*Data provided*:
==================================================

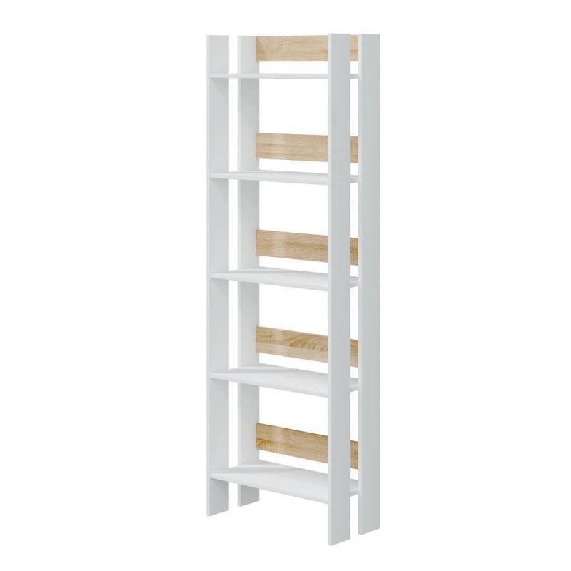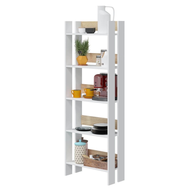 MADEIRA es una estantería alta de diseño nórdico en color blanco artik y roble canadian con cinco estantes creada para casas diferentes y con estilo.
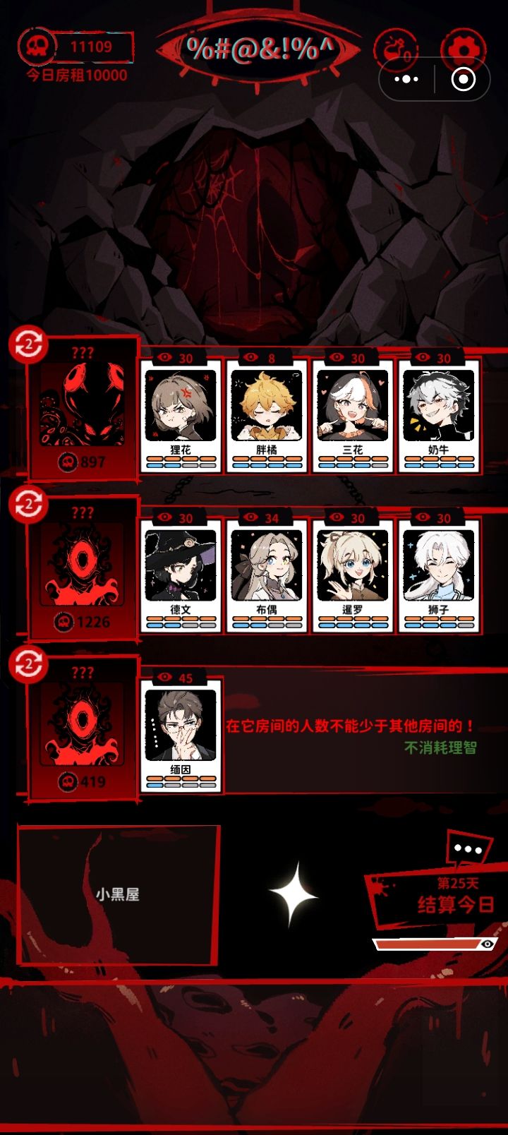 第一把没搞懂怎么玩,连续失踪了三只猫咪,我直接坐不住,从头重新开了一把,以后瞬间搞懂机制,要不是影子鬼描述有问题,我估计早就结束了,还是瞎猫碰见死耗子,24天结束了不知道因为什么原因,缅猫没了,没一个针对他的词条,行动跟着大部队,4只猫中他失踪了,我至今没搞懂失因是什么
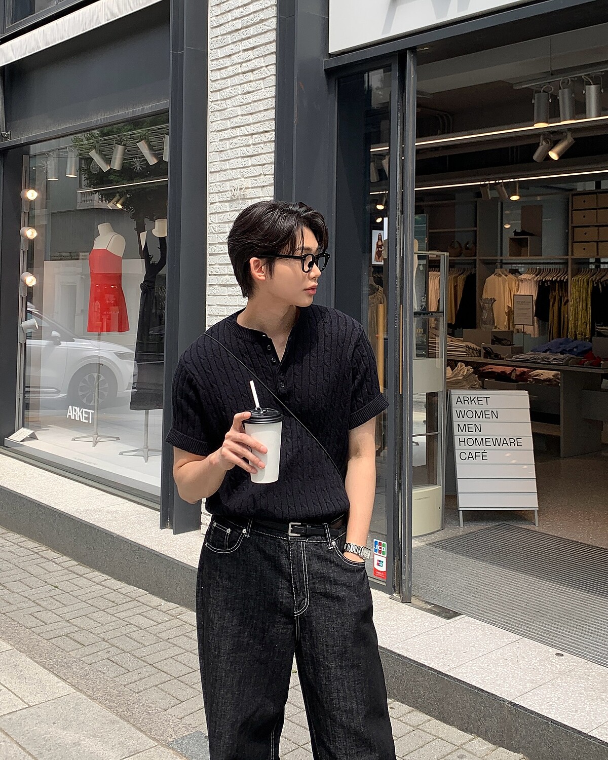 男生韓系風格穿搭範例3:合身針織上衣+直筒褲
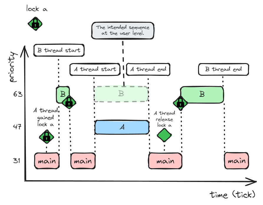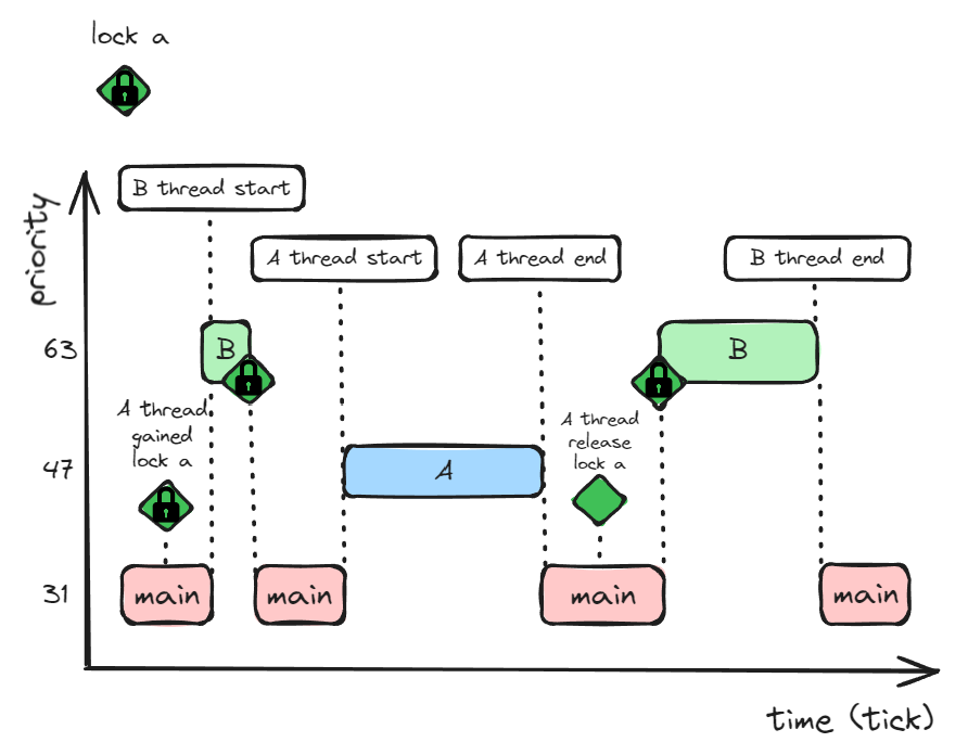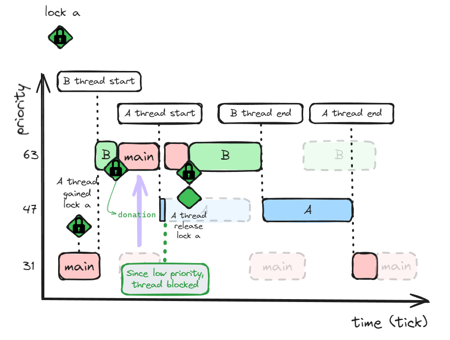 Donation 기능을 구현한다면 스레드 main은 스레드 B가 lock a에 접근하는 순간 스레드 B로부터 우선순위 Donation을 받게 되고, 스레드 A가 만들어지는 순간 A에게 스케줄 점유를 빼앗기지 않게 된다. 따라서 코드의 로직이 유저의 의도대로 아래와 같이 흘러갈 수 있다.

==================================================

*Activity*: Give back all of the data exactly, but not the pictures.

*Solution*:
 MADEIRA es una estantería alta de diseño nórdico en color blanco artik y roble canadian con cinco estantes creada para casas diferentes y con estilo.
 第一把没搞懂怎么玩,连续失踪了三只猫咪,我直接坐不住,从头重新开了一把,以后瞬间搞懂机制,要不是影子鬼描述有问题,我估计早就结束了,还是瞎猫碰见死耗子,24天结束了不知道因为什么原因,缅猫没了,没一个针对他的词条,行动跟着大部队,4只猫中他失踪了,我至今没搞懂失因是什么
 男生韓系風格穿搭範例3:合身針織上衣+直筒褲
 Donation 기능을 구현한다면 스레드 main은 스레드 B가 lock a에 접근하는 순간 스레드 B로부터 우선순위 Donation을 받게 되고, 스레드 A가 만들어지는 순간 A에게 스케줄 점유를 빼앗기지 않게 된다. 따라서 코드의 로직이 유저의 의도대로 아래와 같이 흘러갈 수 있다.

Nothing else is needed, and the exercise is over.